Siding with Murderous Bank Robbers

        In the last film of the semester, we got to see a little bit of American history romanticized Hollywood style. In Arthur Penn's Bonnie & Clyde (1967) we got to see first hand how a movie director can make you believe anything they want you to, even side with murderous bank robbers.

        The story begins when Bonnie (Fay Dunaway) meets Clyde (Warren Beatty). He is trying to steal her mom's car. Bonnie is immediately drawn to him, and they run away from their lives of monotony and poverty. I do not really think they started off meaning to rob banks. I think more than anything they wanted to impress people, to be known for something and not die as nobodies. They are portrayed as regular people you can relate to, except for their movie star looks and clothes of course. Even when they are spattered with blood and covered in dirt they look more like Barbie and Ken rather than criminals on the run.
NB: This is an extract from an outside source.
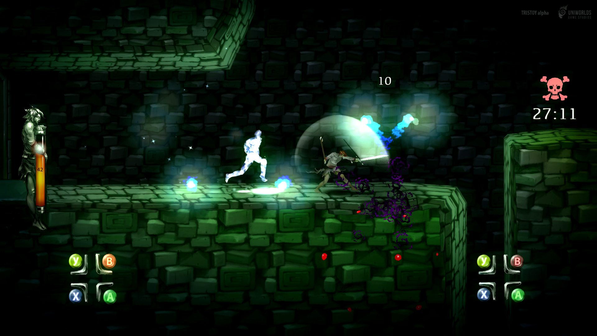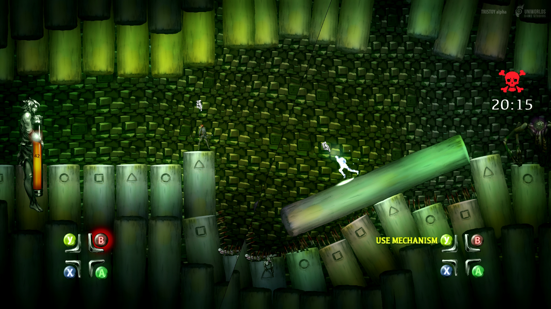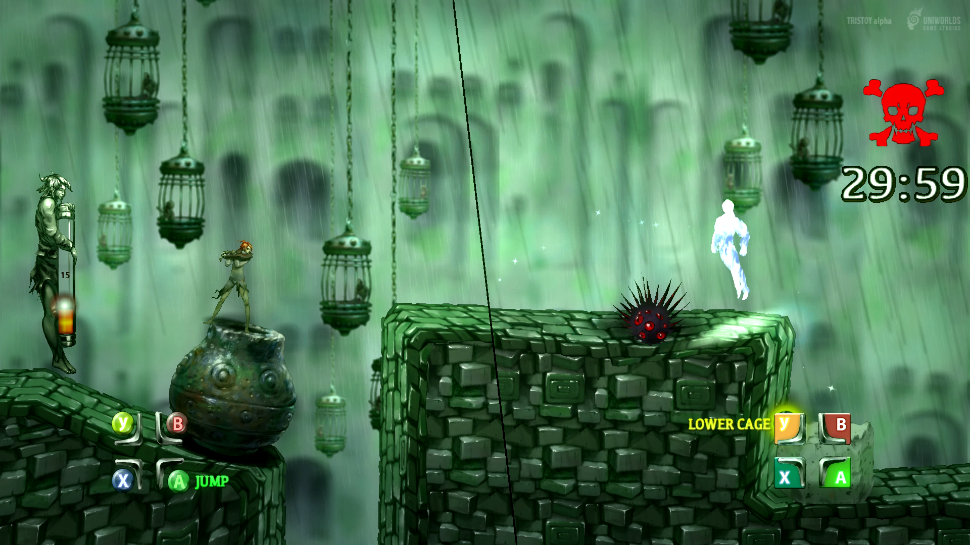 Tristoy ist ein waschechter Koop-Plattformer. Jeder Spieler übernimmt einen Charakter mit besonderen Fähigkeiten und nur in gemeinsamer Interaktion wird man die zahlreichen Level schaffen können. Interessant: Innerhalb des Spiels werden gelegentlich Dialoge mit alternativen Antwortmöglichkeiten eingeblendet. Je nach Entscheidung sollen so mehrere Spielwege eingeschlagen werden können. In der uns gezeigten Demo wurde gerade ein Blondling (dessen Namen wir leider vergessen haben) von einem Geist ( dessen Namen wir ebenfalls verschwitzt haben) gerettet und beide versuchen einer Art Gefängnis zu entfliehen. Dabei nutzt der Geist seine übersinnlichen Fähigkeiten und hilft der verwundeten Dame, die allerdings auf Knopfdruck ordentlich mit ihren scharfen Klingen umher wirbelt. Durchdacht wirkt die Ansicht im Splitscreen, denn die dynamische Sicht visualisiert immer, wo sich euer Mitspieler befindet und wird zu einem Bild, sobald beide nahe beieinander stehen. Freuen wir uns gegen Ende des Jahres auf knifflige Rätsel und spannende Stunden im Koop.

        The saddest thing about the movie is that they knew their fate all along. They knew their fun and their lives would eventually have to end, and they would never get a chance to settle down and be left alone. But maybe even that was better than being young and rebellious during the depression. It was better than going back to prison or working as a waitress.
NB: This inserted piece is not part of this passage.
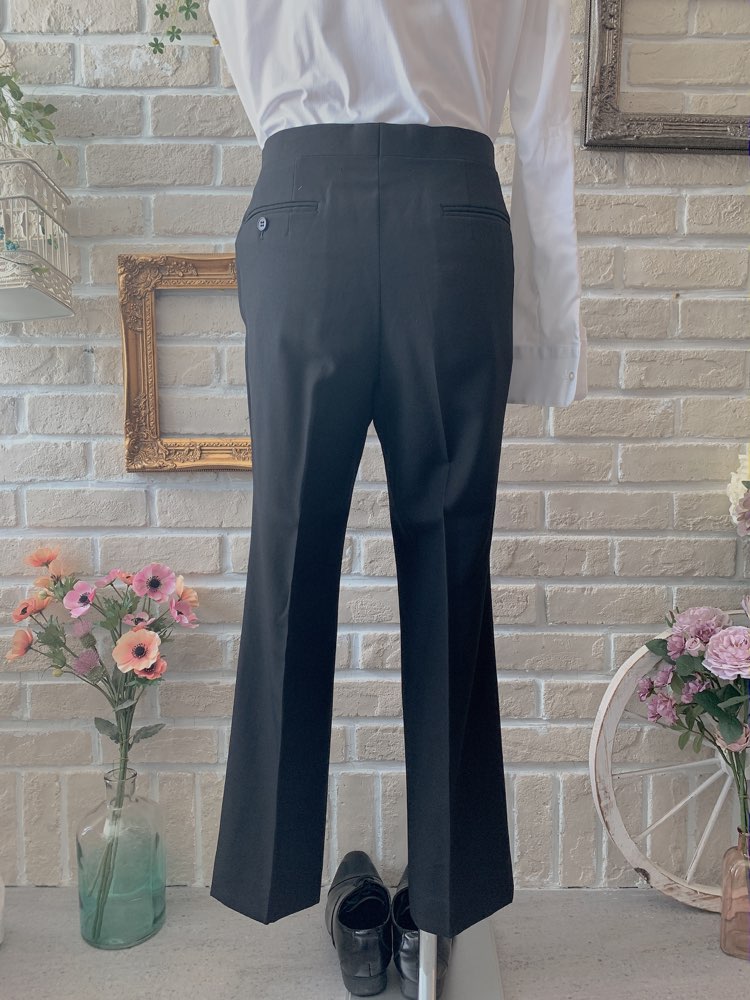 ブラックのパンツはマットな仕上がりで、とても上品な素材です。セットのジャケットと合わせれば暗めな色味でも華やかな印象になります。挙式などにもお使い頂けるデザインとなっておりますので、前撮り写真撮影にもおすすめです。生地感はそれ程厚くないので、長時間着ていても負担は少ないと思います。披露宴のお色直し、二次会、1.5次会、リゾートウェディング、レストランウェディング、パーティー、様々なシーンでご利用頂けます。

        The villain in this film was not the criminals, but rather the police, and the banks that foreclosed on honest people's property. It reminded me a little of the movie The Devil's Rejects, directed in 2003 by Rob Zombie. This movie is a lot more sick and twisted but has the same idea. Even though the characters are horrible killers with no conscience whatsoever, they are still a family who love each other. At the end, they drive into a police ambush where their lives end Bonnie and Clyde style, but not before they take out as many police as they can. I believe this ending was an homage to Bonnie and Clyde.